Your job is to print, exactly, the lines in the data below from the line with "З цього тижня" through the line with "A beautiful tribute", both included, and to omit any picture.

[Data in this exercise]:
*** Block opens ***

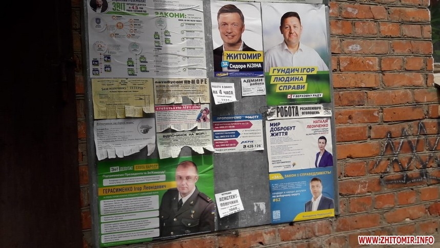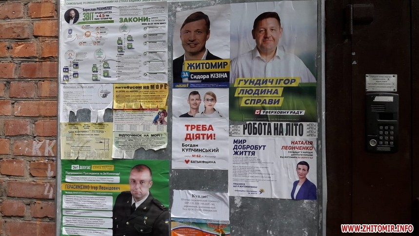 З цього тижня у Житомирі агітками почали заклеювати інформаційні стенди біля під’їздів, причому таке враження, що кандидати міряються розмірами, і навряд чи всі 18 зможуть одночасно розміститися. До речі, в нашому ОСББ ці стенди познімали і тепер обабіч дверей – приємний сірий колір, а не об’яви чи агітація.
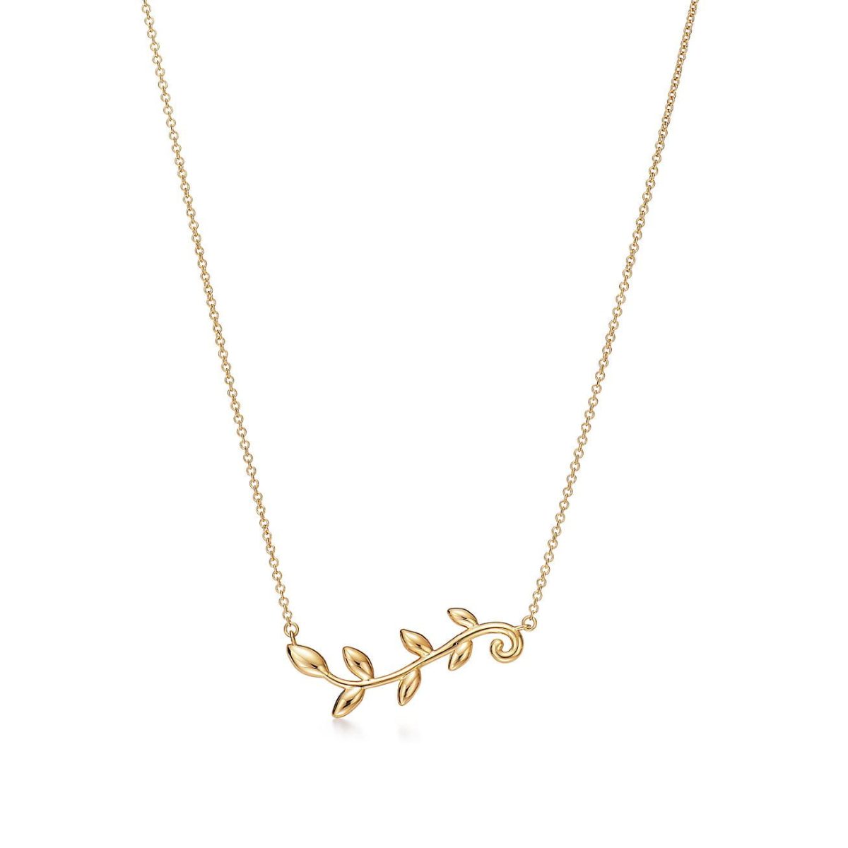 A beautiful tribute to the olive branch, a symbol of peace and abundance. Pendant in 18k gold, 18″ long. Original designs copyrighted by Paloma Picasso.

*** Block closes ***
*** Block opens ***

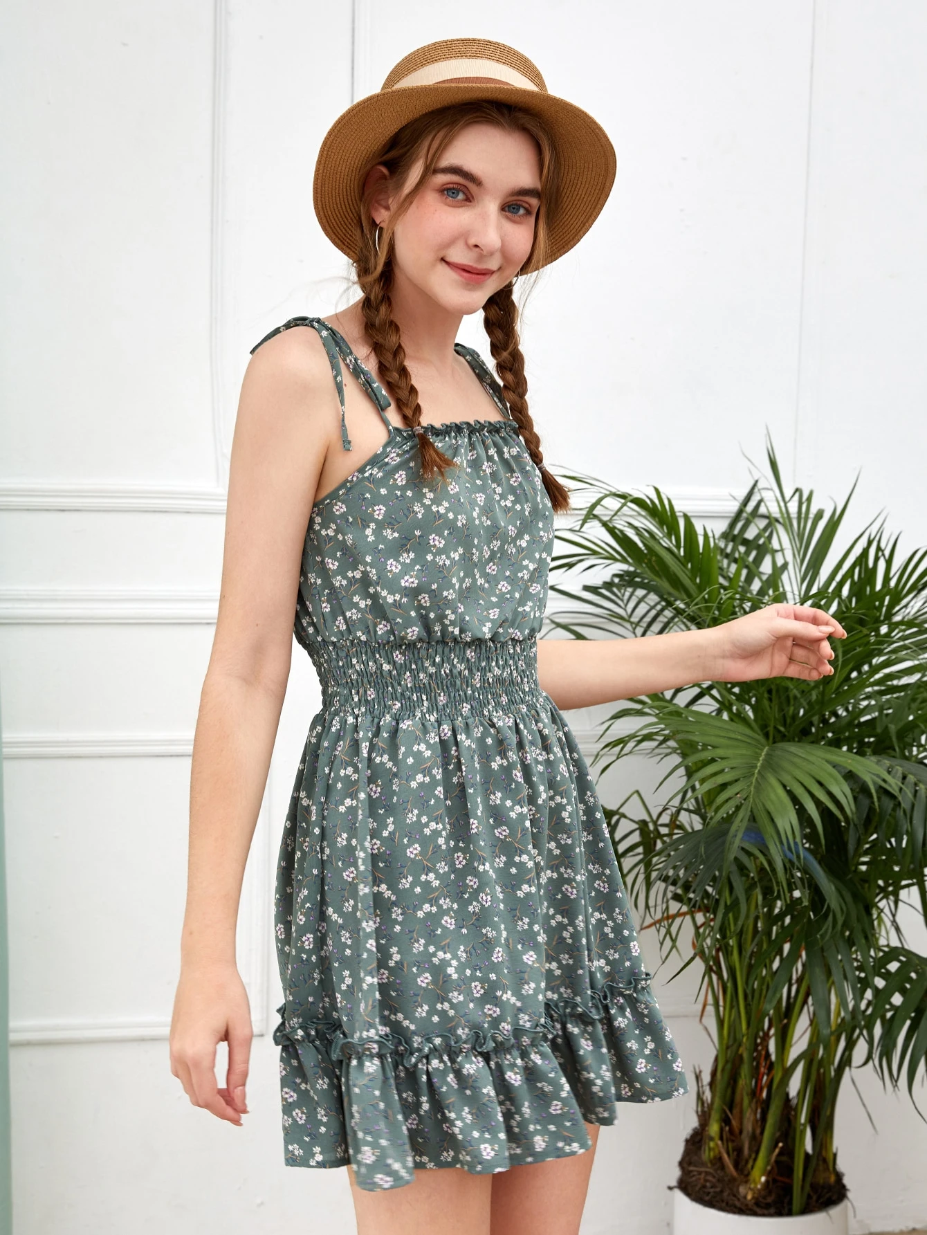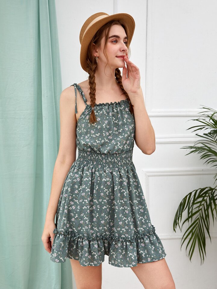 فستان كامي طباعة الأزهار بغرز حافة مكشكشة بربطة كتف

*** Block closes ***
*** Block opens ***

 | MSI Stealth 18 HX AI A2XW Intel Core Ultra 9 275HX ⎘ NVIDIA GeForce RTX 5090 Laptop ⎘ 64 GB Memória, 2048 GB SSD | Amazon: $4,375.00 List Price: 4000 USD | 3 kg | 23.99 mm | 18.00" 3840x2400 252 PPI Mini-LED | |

*** Block closes ***

[Problem solution]:
 З цього тижня у Житомирі агітками почали заклеювати інформаційні стенди біля під’їздів, причому таке враження, що кандидати міряються розмірами, і навряд чи всі 18 зможуть одночасно розміститися. До речі, в нашому ОСББ ці стенди познімали і тепер обабіч дверей – приємний сірий колір, а не об’яви чи агітація.
 A beautiful tribute to the olive branch, a symbol of peace and abundance. Pendant in 18k gold, 18″ long. Original designs copyrighted by Paloma Picasso.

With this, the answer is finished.